2.DeclareRelation and DeclareDomain returns a handle for the relation or domain in all augments, and the relation or domain is declared to exist in the augment passed as argument. The Declare procedure may be called additional times to define the relation or domain in other augments.
3.CreateEntity and CreateRelationship create an entity or relationship, respectively, in the top-most augment in the augment list in which a namesake of the respective domain or relation has been defined by a client call to DeclareDomain or DeclareRelation (not necessarily in this database session). Domains defined in an augment implicitly by creation of entities through translation (see semantics of SetField) do not qualify, the domain must have been explicitly defined in the augment by a call to DeclareDomain.
4.DestroyEntity and DestroyRelationship destroy the given entity or relationship if there is no namesake of the domain or relation higher in the current augment list. Otherwise, they create an anti-entity or anti-relationship, respectively, in the top-most client-declared namesake of the domain or relationship. The semantics of SetField is in effect that of a DestroyRelationship followed by a CreateRelationship with the attribute changed.

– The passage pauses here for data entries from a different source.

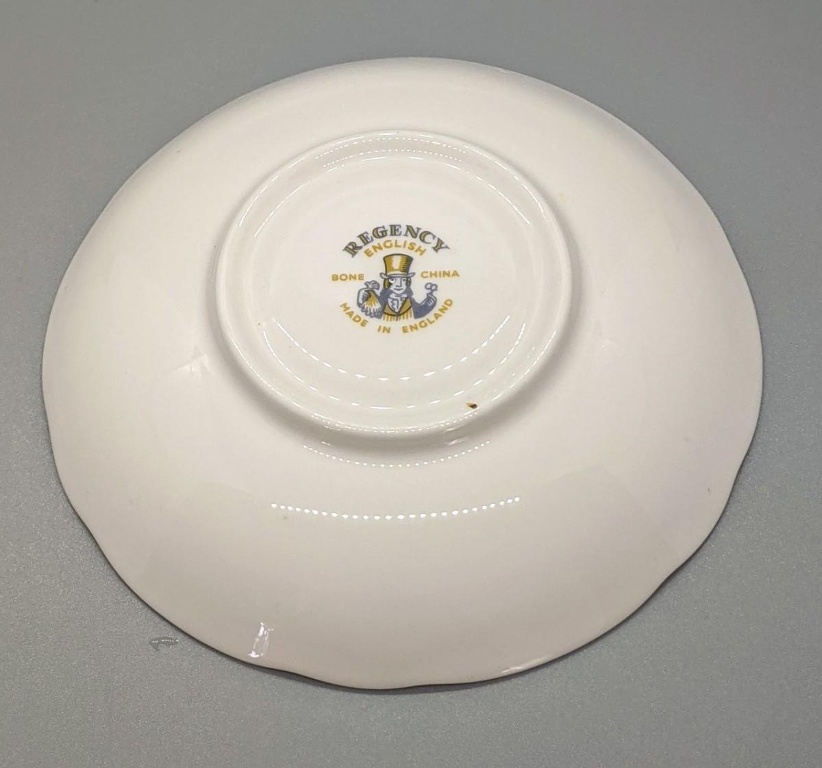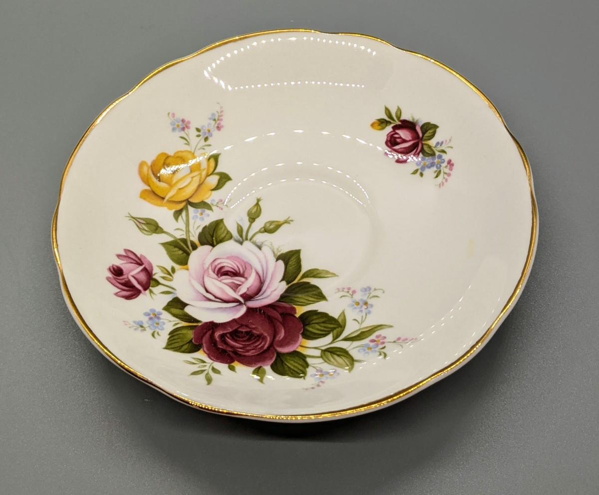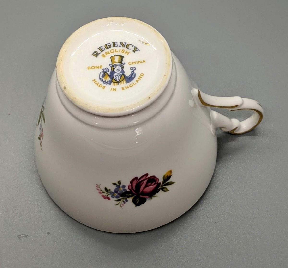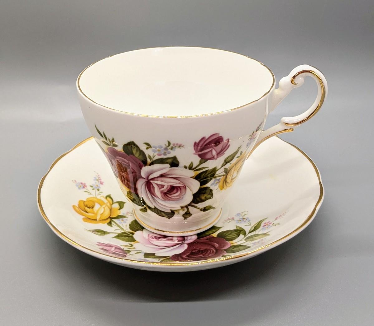 Vintage bone china English tea cup and saucer Regency brand Roses Magenta Pink Yellow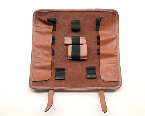 † JAMES PURDEY & SONS LTD. A NEW AND UNUSED HAND-MADE BRINDLE LEATHER SUEDE-LINED CLEANING ROLL,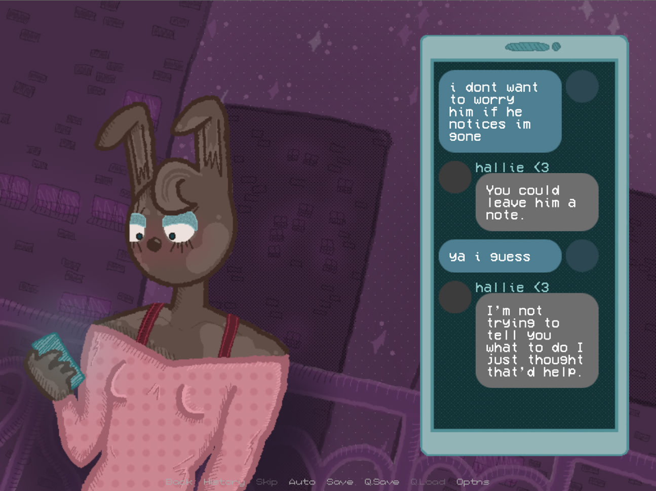 Lindsey Henson messages her field partner Hallie Macleod for some comfort and a distraction during a particularly shitty night. Itch.io]

5.DomainSubset searches its domain in all open augments, and has the property that an entity in an augment will not appear in the enumeration if an anti-entity with the same name exists in a namesake of the entity’s domain that is higher in the current augment list.
6.RelationSubset similarly searches its relation in all open augments, and has the property that a relationship in an augment will not appear in the enumeration if an anti-relationship with the same attribute values, with entity values mapped to their namesakes, exists in a namesake of the relationship’s relation that is higher in the current augment list..
Full augments also act specially upon relations upon which keys have been defined:
1.If a CreateRelationship would create a relationship with the same key value as an existing relationship in the relation in some open augment, then an anti-relationship is automatically created for the existing relationship (in the same augment as the new relationship, the top-most one possible) before creating the new one.
2.If a new augment is opened containing relationships whose key values match existing ones in open augments, then anti-relationships for the matching existing relationships are automatically created in the newly opened augment at that time.
The net effect of our definition of full augments is that a user or program may make arbitrary modifications to data in an underlying augment, in a fashion which appears exactly as if a single augment contains all the data. The underlying augment, however, is completely unchanged. The unmodified data may concurrently be examined by another user, or appear to be modified through another user’s augment. Furthermore, the modifications made by the same user over time can be separated and later removed. Full augments thus satisfy all four of the purposes of augments set out at the beginning of the previous section.
Note that two augments can be merged in a straightforward way to produce an augment that behaves as the two in the same order in the same place in the current augment list. The augments are merged by combining the elements of the relations and domains in the first augment and their namesakes in the other augment, discarding entities and anti-entities which match and relationships and anti-relationships which match.
Augments are not related in definition or implementation to the atomic transactions which an implementation of the model also provides. However, the reader might find it informative to think of a transaction as a [full] augment defined on top of the current data, which is automatically merged with the data when the transaction is committed. Transactions thus serve as "short-term" augments. The two are useful for entirely different purposes, however.